- Victoria, Mississippi
- Coordinates: 33°55′42″N 91°00′02″W﻿ / ﻿33.92833°N 91.00056°W
- Country: United States
- State: Mississippi
- County: Bolivar
- Time zone: UTC-6 (Central (CST))
- • Summer (DST): UTC-5 (CDT)

= Victoria, Bolivar County, Mississippi =

Victoria is a ghost town in Bolivar County, Mississippi, United States.

Victoria was a historic port on the Mississippi River, located south of Lake Concordia, approximately 3.8 mi west of Gunnison.

A bend in the Mississippi River at the location of the settlement was named "Victoria Bend", and continues to be known thus. Nothing remains of the settlement, as "changes in the river's course doomed the village to extinction".

==History==

Victoria had mail delivery from 1840 to 1871. A mail route described in official documents in 1841 included—from south to north—the Mississippi River ports of Vicksburg, Nine Mile Reach, Princeton, Egg Point (west of present-day Avon), Bachelor's Bend (south of Greenville), Bolivar, Victoria, Port Royal, Delta, Commerce, and Memphis. A mail route from Victoria east to Locopolis (now a ghost town west of Cowart) was also documented.

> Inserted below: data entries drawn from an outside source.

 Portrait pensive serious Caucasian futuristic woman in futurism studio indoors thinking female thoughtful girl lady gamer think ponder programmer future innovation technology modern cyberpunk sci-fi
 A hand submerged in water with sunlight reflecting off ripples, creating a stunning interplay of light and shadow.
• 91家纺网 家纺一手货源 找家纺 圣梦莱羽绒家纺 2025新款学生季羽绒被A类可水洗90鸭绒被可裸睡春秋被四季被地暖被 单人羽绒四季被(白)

The settlement had a tavern in 1840.

Harriet Beecher Stowe included an advertisement published in the Jefferson Inquirer in 1852 in her book A Key to Uncle Tom's Cabin:
ONE HUNDRED DOLLARS REWARD

RAN AWAY from my plantation, in Bolivar County, Miss., a negro man named MAY, aged 40 years, 5 feet 10 or 11 inches high, copper coloured, and very straight; his front teeth are good and stand a little open; stout through the shoulders, and has some scars on his back that show above the skin plain, caused by the whip; he frequently hiccups when eating, if he has not got water handy; he was pursued into Ozark County, Mo., and there left. I will give the above reward for his confinement in jail, so that I can get him.

JAMES H. COUSAR, Victoria, Bolivar County, Mississippi.

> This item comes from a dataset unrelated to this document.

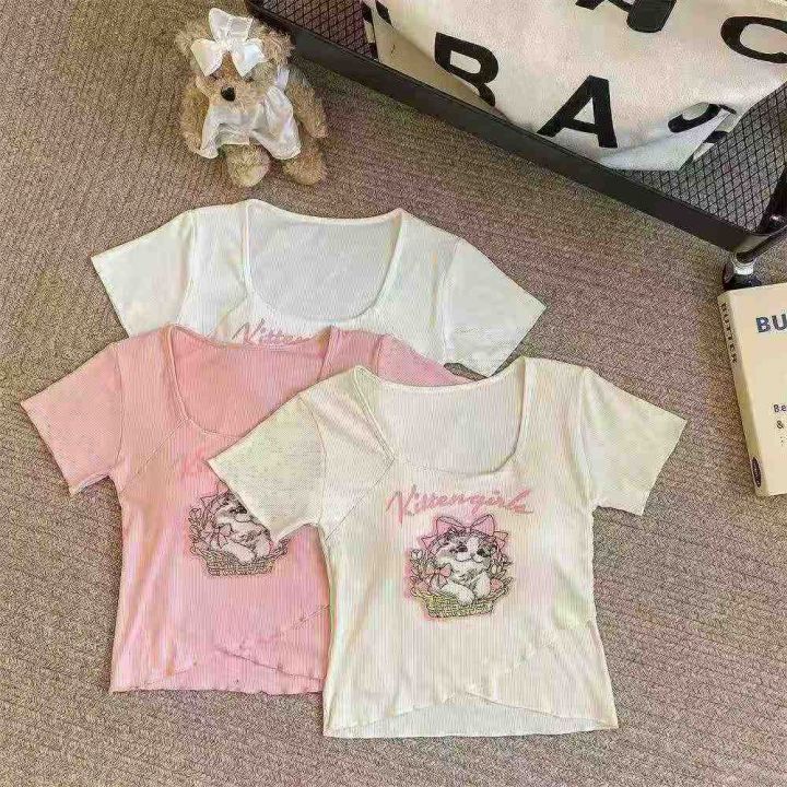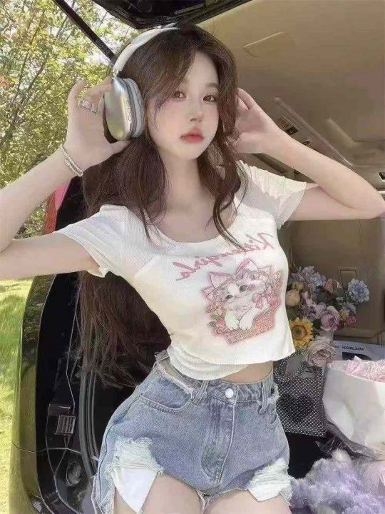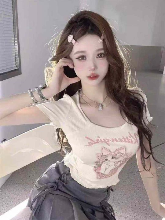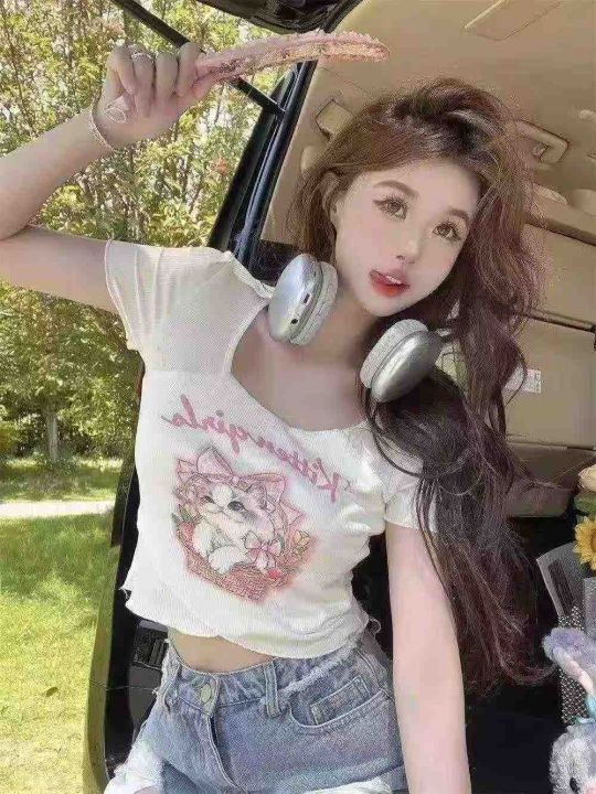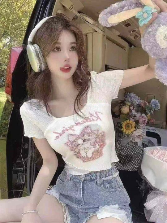 [烟花][烟花]夏纯欲甜辣妹性感短款上衣整款303件,卡通可爱猫咪正肩短袖t恤女设计感小众,独立包装,粉色较多,分货➕1

Stowe added: "delightful master to go back to, this man must be!"

A publication listing game and fish resorts in Mississippi published in 1878 wrote:This county abounds in deer, bears, wild turkeys, ducks, geese, quail, squirrels and other kinds of large and small game. Take Mississippi River Steamer to Bolivar, Victoria or Concordia, thence strike inland. Guides and all necessary information will be found at any of these places.

A road at the former settlement is today called "Victoria Hunting Club Road".